Considering former Miami Marlins executive David P. Samson was the source, you can take all of this with a grain of salt. After all, Samson loved operating his teams and treating the Marlins fans every bit like the Wilpons did with the Mets.

That right there is the problem. There have been years of transgressions by the Wilpons largely unreported and/or criticized in the press. These are the same people who claimed they were duped in a Ponzi scheme. They had a number of hirings and a lawsuit hostile to women in their workplace. They threatened the press about the coverage of their team, and they would go so far as to restrict access in response to a negative story about them or a favored player.

They stripped the team down for financial solvency. They used SNY as an intermediary to do exactly what the McCourts did with the Brooklyn Dodgers. Jeff Wilpon interfered with medical decisions which cut short Pedro Martinez‘s career, and he tried to interfere with Carlos Beltran‘s career saving knee surgery. By and through Sandy Alderson, there was the lie about Matt Harvey‘s innings limits, and we saw what happened with Harvey’s once promising career.

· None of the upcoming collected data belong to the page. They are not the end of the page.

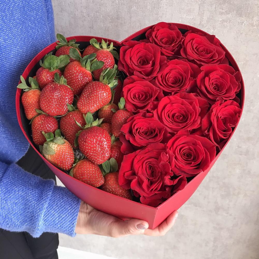Клубника – 50 шт.Роза – 11 шт.Коробка сердце – 1 шт.
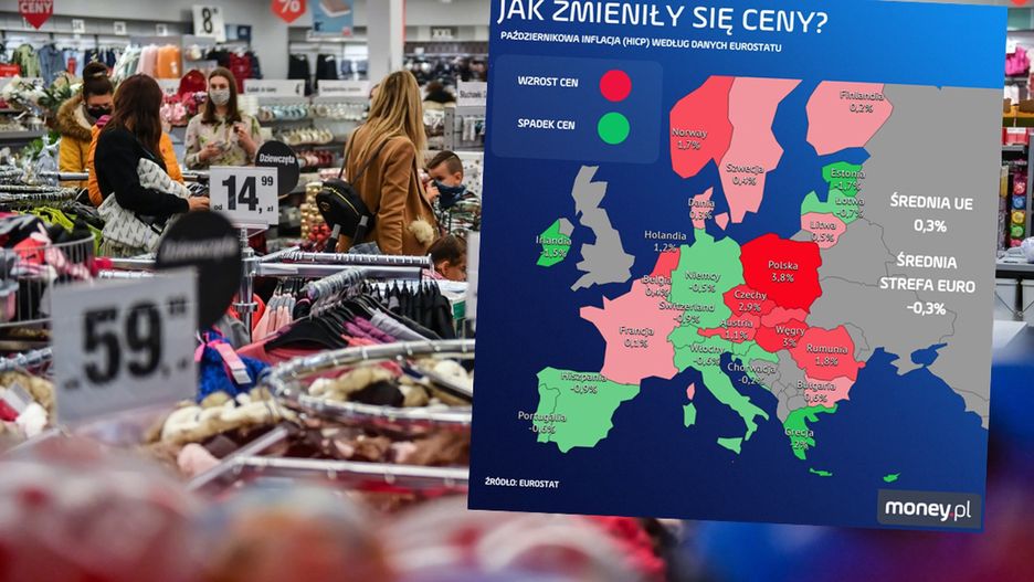 Europejski urząd statystyczny opublikował najnowsze wyliczenia dotyczące inflacji. Okazuje się po raz kolejny, że ceny dóbr i usług konsumpcyjnych w Polsce rosną najszybciej w UE. Co więcej, w październiku różnica względem innych krajów jeszcze powiększyła się.
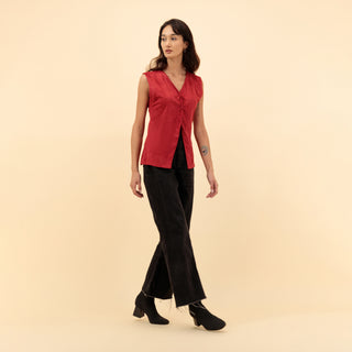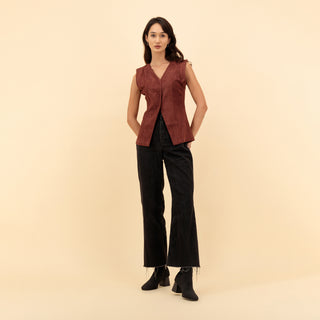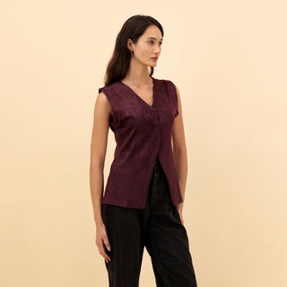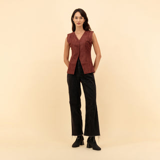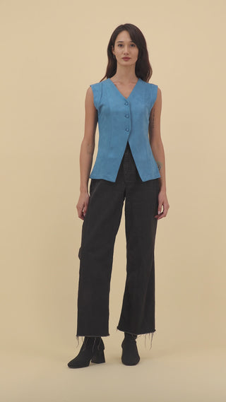 Elevate your wardrobe with the Suede Vest in a vibrant aqua hue. Designed with a sleek V-neckline, button-up front, and a perfectly tailored fit, this piece brings a fresh pop of color to any outfit. Whether layered or worn solo, it exudes effortless sophistication and modern charm.
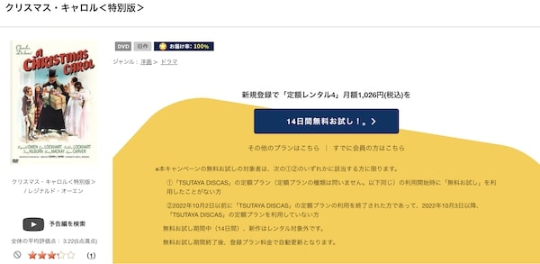 そして、映画「クリスマス・キャロル」はツタヤディスカスで配信しているので、無料でDVDレンタルが可能です。
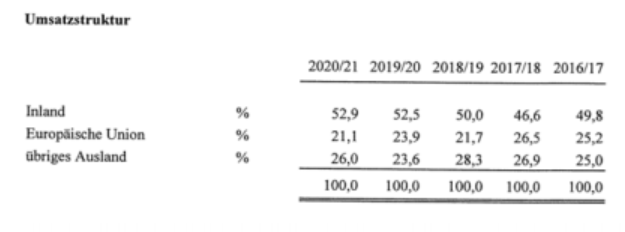 Auf weitere Nachfrage, wie weit das Geschäftsmodell der Klägerin von ausländischen Lieferungen abhängig sei, teilte diese in einer weiteren Stellungnahme der Geschäftsführung mit, sie habe sich bewusst diversifiziert, um auf nationale Wirtschaftsschwankungen stabiler zu reagieren und Wachstumspotentiale in internationalen Märkten heben zu können. Sie habe eine hohe Exportquote (ebenda Bl. 83 f.):
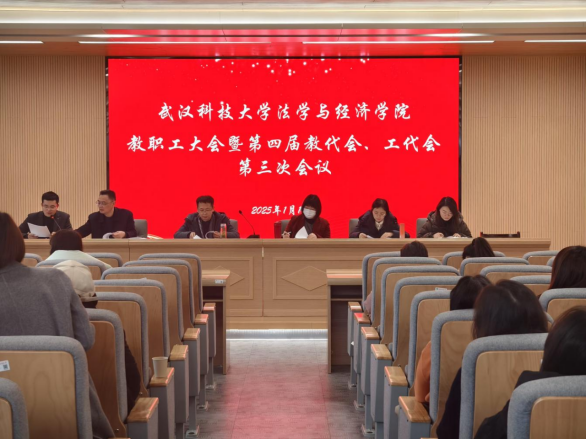 在教四3楼学术报告厅举行第四届教代会暨工代会第三次会议,学院领导班子及全体教职工参加会议,会议由党委副书记彭晓峰主持。
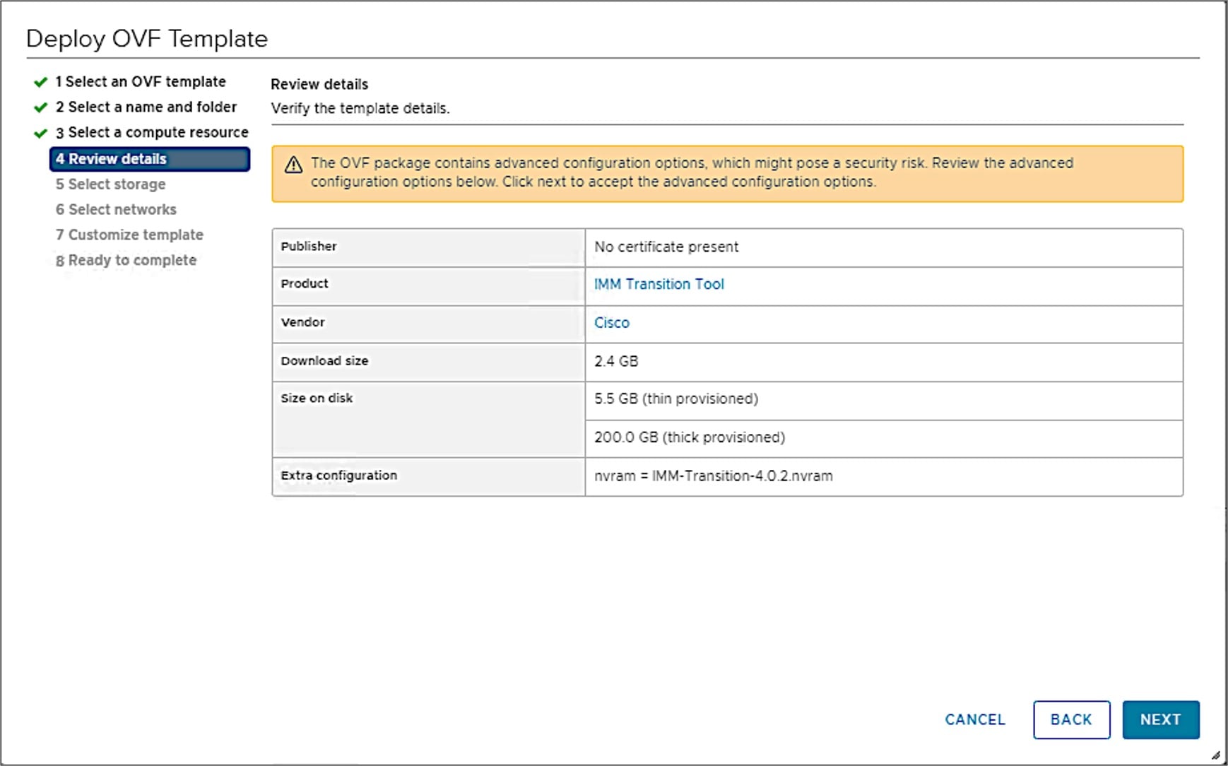 An Open Virtual Appliance (OVA) is a prebuilt software solution that comprises one or more virtual machines (VMs) that are packaged, maintained, updated, and managed as a single unit. The Cisco Intersight Managed Mode Transition Tool OVA has a preinstalled operating system and includes application functionality that is necessary for the IMM Transition Tool functionality. The IMM Transition Tool as an OVA can be deployed on a VMware vSphere infrastructure.
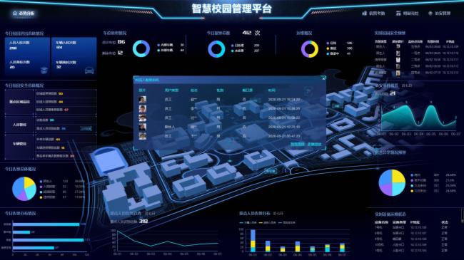 为加强统一集中的高效管理中心,紫光华智提供了基于大数据模型的定制化、可视化数据看板,支持安全数据、消防数据、分布态势、人车数据等校园不同数据查询需求,实现数据全量可观,自动生成与自动处理。
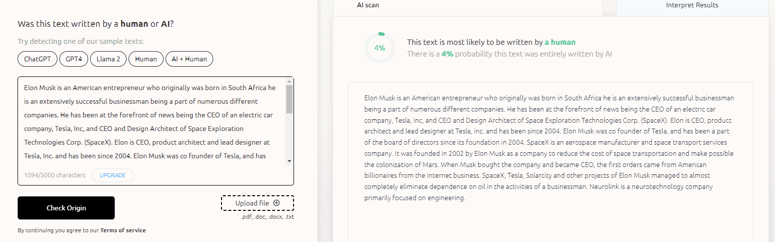 As you can see, the control text was transformed into undetectable content, easily bypassing GPTZero. But our test is not over, let's move to the next AI Detector.
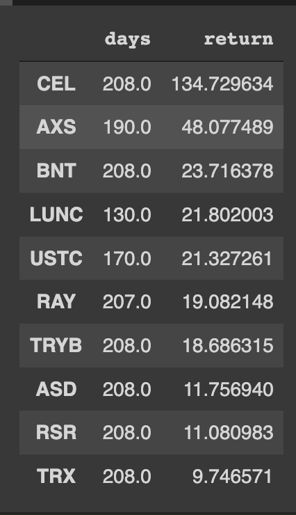 วิธีสร้าง Passive Income จาก FTX ตอน 2 ในบทความนี้เรามาลองทำเช่นเดียวกันสำหรับโทเค็นทั้งหมดและวางแผนอัตราการระดมทุนประจำปีเฉลี่ยของโทเค็น 10 อันดับแรกกัน แต่น่าเศร้าที่ฉันได้แผนภูมิที่น่ากลัวดังต่อไปนี้ แต่ละเหรียญตอบแทนสูงให้ผลตอบแทนสูงมากเพียงหนึ่งชั่วโมง

Overall, the Wilpons were just flat out bad people. They did horrid things, and they did them purposefully. They cared about no one but themselves and their own power. This largely went unreported and uncriticized except when a reporter would leave the beat.

However, with Cohen, if his eye glasses are askew or he tweets something, it is a capital offense demanding the power of the pen. In the end, those now criticizing him have let us know they’re not reporting what they know, but rather, what ownership tells them they’re allowed to report. If anything, these reports attacking Cohen are a credit to Cohen because he is not standing in the way.

If nothing else, that tells us the Mets are truly in a much better spot. It’s not just the money or the desire to win. While there have been missteps requiring reflection and growth, things have truly changed in how the team is operated. The only hope is these mistakes are cleaned up, and the Mets get back on the path towards winning a World Series.